Прияв от природы право неоцененное действовать на своих совремянников,   прияв от неё силу творения, поверженный в среду народныя толщи, великий муж  действует на оную, но и не в одинаком всегда направлении. Подобен силам  естественным действующим от средоточия, которыя простирая действие своё во  все точки окружности, деятельность свою присну везде соделовают. Тако и  Ломоносов действуя на сограждан своих разнообразно, разнообразныя отверзал  общему уму стези на познании. Повлекши его за собою во след, разплетая  запутанный язык на велеречие и благогласие, неоставил его при тощем без  мыслей източнике словесности. Воображению вещал: лети в безпредельность  мечтаний и возможности, собери яркие цветы одушевленнаго, и вождаяся вкусом  украшай оными самую неосязательность. И сё паки, гремевшая на Олимпических  играх Пиндарова труба, возгласила хвалу всевышняго во след  Псальмопевца.

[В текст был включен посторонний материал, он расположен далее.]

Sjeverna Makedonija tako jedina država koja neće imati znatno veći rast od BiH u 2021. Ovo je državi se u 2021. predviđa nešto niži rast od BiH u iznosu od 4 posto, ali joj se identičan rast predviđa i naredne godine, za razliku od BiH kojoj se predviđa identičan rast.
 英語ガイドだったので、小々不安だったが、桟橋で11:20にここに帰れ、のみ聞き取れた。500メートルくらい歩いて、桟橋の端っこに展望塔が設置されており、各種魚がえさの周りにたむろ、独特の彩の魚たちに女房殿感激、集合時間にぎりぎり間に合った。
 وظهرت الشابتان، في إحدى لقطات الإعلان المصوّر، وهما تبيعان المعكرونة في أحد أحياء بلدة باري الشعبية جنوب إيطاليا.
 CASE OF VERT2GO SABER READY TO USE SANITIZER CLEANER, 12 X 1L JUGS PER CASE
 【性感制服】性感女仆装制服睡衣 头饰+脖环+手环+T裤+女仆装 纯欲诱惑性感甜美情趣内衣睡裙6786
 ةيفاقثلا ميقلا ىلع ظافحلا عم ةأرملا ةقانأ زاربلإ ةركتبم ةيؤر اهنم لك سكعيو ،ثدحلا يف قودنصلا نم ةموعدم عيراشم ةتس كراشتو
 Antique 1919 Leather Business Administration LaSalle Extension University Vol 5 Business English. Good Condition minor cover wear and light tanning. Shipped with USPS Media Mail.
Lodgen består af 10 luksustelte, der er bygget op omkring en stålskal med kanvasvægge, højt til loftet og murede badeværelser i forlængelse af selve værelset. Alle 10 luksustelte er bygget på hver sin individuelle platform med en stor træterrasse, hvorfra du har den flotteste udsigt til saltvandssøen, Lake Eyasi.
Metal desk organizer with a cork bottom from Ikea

На ней возвестил Ломоносов величие предвечнаго, возседающаго  на крыле ветренней, предшествуемаго громом и молниею, и в солнце являя  смертным свою существенность, жизнь. Умеряя глас трубы Пиндаровой, на ней же  он воспел бренность человека и близкой предел его понятий. В бездне миров  безпредельной, как в морских волнах малейшая песчинка, как во льде нетающем  николи, искра едва блестящая, в свирепейшем вихре как прах тоньчайший, что  есть разум человеческий? - Сё ты о Ломоносов, одежда моя тебя не сокроет.

Не завидую тебе, что следуя общему обычаю ласкати царям, нередко  недостойнным нетокмо похвалы стройным гласом воспетой, но ниже гудочнаго  бряцания; ты льстил похвалою в стихах Елисавете. И если бы можно было без  уязвления истинны и потомства, простил бы я то тебе ради признательныя  твоея души ко благодеяниям. Но позавидует, немогущий во след тебе ити  писатель Оды, позавидует прелестной картине народнаго спокойствия и тишины,  сей сильной ограды градов и сел, царств и Царей утешения; позавидует  безчисленным красотам твоего слова; и если удастся когда либо достигнуть  непрерывнаго твоего в стихах благогласия, но доселе неудалося ещё никому. И пускай удастся всякому превзойти тебя своим сладкопением, пускай потомкам нашим покажешся ты  нестроен в мыслях, неизбыточен в существенности твоих стихов!.... Но возри:  в пространном ристалище, коего конца око недосязает, среди толпящейся  многочисленности, на возглавии, впереди всех, сё врата отверзающ к  ристалищу, сё ты. Прославиться всяк может подвигами, но ты был первый.  Самому всесильному нельзя отъять у тебя того, что дал. Родил он тебя  прежде других, родил тебя в вожди, и слава твоя есть слава вождя. О! вы  доселе безплодно трудившиеся над познанием существенности души, и как сия  действует на телесность нашу, сё трудная вам предлежит задача на испытание.

Вещайте, как душа действует на душу, какая есть связь между умами? Если  знаем, как тело действует на тело прикосновением, поведайте, как неосязаемое  действует на неосязаемое, производя вещественность; или какое между  безвещественностей есть прикосновение. Что оно существует, то знаете. Но  если ведаете, какое действие разум великаго мужа имеет над общим разумом, то  ведайте ещё, что великий муж может родить великаго мужа; и сё венец твой  победоносный. О! Ломоносов, ты произвёл Сумарокова».

Радищев А.Н., Путешествие из Петербурга в Москву, М., «Эксмо», 2006 г., с. 235-238.